**Excerpted records**.
==============================
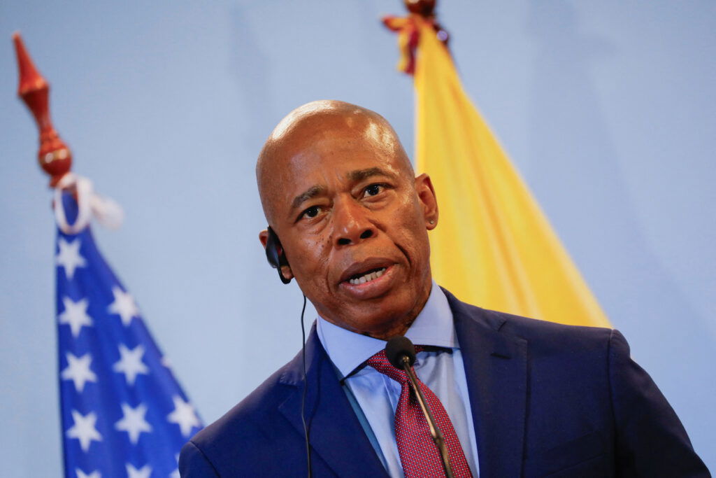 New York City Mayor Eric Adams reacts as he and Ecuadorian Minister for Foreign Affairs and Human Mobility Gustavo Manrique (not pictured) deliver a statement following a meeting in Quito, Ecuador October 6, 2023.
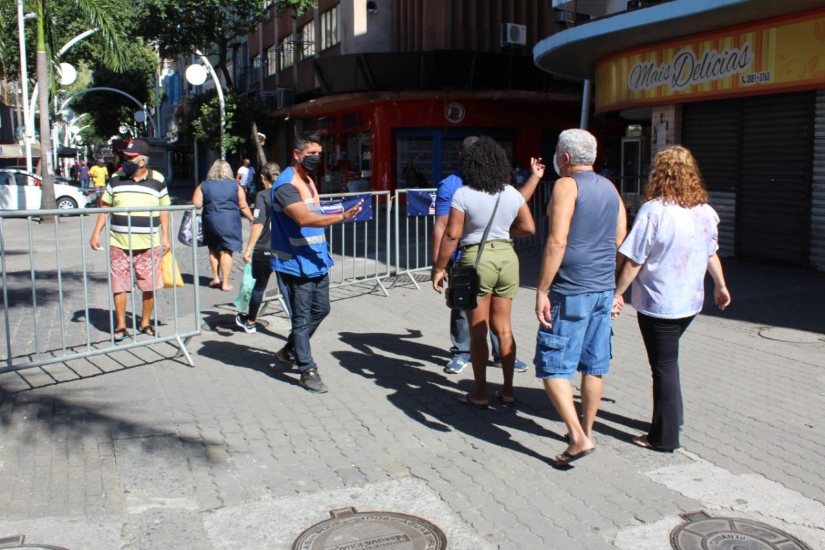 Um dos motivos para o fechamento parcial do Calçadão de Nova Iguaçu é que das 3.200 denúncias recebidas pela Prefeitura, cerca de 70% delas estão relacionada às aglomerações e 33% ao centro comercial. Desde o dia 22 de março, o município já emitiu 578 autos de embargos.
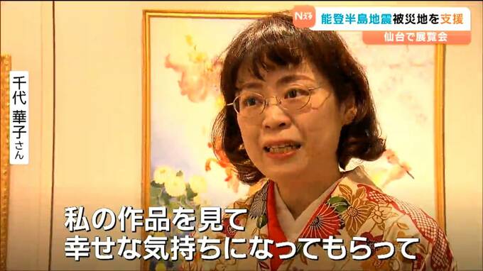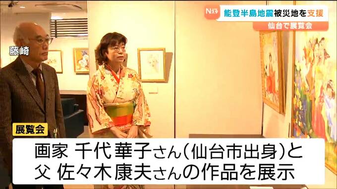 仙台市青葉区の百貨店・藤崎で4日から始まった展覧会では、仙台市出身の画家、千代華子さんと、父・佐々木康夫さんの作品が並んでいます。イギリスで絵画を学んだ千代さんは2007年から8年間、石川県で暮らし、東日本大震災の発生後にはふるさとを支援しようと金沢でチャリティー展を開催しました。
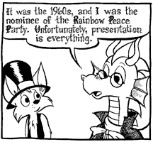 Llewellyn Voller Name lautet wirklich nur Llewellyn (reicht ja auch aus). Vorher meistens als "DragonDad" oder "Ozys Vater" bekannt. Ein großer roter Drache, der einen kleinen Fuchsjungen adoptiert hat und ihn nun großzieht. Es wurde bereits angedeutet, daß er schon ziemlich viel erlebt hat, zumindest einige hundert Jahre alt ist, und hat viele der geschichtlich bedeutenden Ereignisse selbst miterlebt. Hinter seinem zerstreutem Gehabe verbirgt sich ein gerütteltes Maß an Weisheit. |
==============================
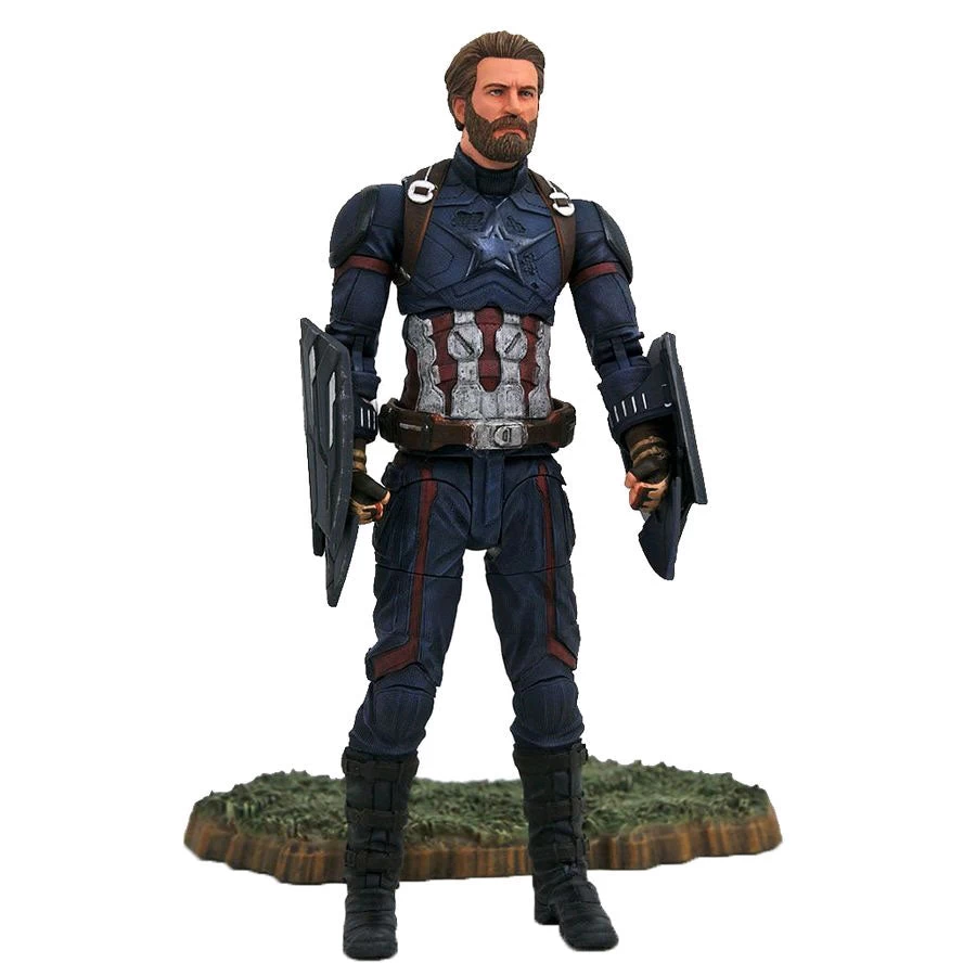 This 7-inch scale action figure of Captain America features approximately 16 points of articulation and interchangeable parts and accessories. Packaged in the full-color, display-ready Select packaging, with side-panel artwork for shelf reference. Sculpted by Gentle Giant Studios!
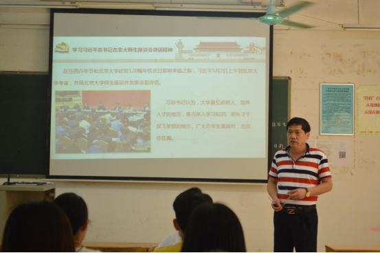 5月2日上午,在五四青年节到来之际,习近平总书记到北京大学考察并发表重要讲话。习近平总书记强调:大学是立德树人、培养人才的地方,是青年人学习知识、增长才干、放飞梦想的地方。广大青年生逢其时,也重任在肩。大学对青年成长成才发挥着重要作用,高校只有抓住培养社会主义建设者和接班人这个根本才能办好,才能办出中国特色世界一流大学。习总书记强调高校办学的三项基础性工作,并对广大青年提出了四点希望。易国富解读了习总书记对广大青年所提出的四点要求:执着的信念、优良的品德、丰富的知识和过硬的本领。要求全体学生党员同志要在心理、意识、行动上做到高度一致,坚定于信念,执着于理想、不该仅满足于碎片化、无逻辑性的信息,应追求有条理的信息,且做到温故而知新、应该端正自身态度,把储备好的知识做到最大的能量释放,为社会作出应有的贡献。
==============================
**Task prompt**.
Above are some records; quote exactly and only the lines that begin at the line containing "This 7-inch scale" and stop after the line containing "5月2日上午,在五四青年节到", leaving out the pictures.

**Finished exercise**.
 This 7-inch scale action figure of Captain America features approximately 16 points of articulation and interchangeable parts and accessories. Packaged in the full-color, display-ready Select packaging, with side-panel artwork for shelf reference. Sculpted by Gentle Giant Studios!
 5月2日上午,在五四青年节到来之际,习近平总书记到北京大学考察并发表重要讲话。习近平总书记强调:大学是立德树人、培养人才的地方,是青年人学习知识、增长才干、放飞梦想的地方。广大青年生逢其时,也重任在肩。大学对青年成长成才发挥着重要作用,高校只有抓住培养社会主义建设者和接班人这个根本才能办好,才能办出中国特色世界一流大学。习总书记强调高校办学的三项基础性工作,并对广大青年提出了四点希望。易国富解读了习总书记对广大青年所提出的四点要求:执着的信念、优良的品德、丰富的知识和过硬的本领。要求全体学生党员同志要在心理、意识、行动上做到高度一致,坚定于信念,执着于理想、不该仅满足于碎片化、无逻辑性的信息,应追求有条理的信息,且做到温故而知新、应该端正自身态度,把储备好的知识做到最大的能量释放,为社会作出应有的贡献。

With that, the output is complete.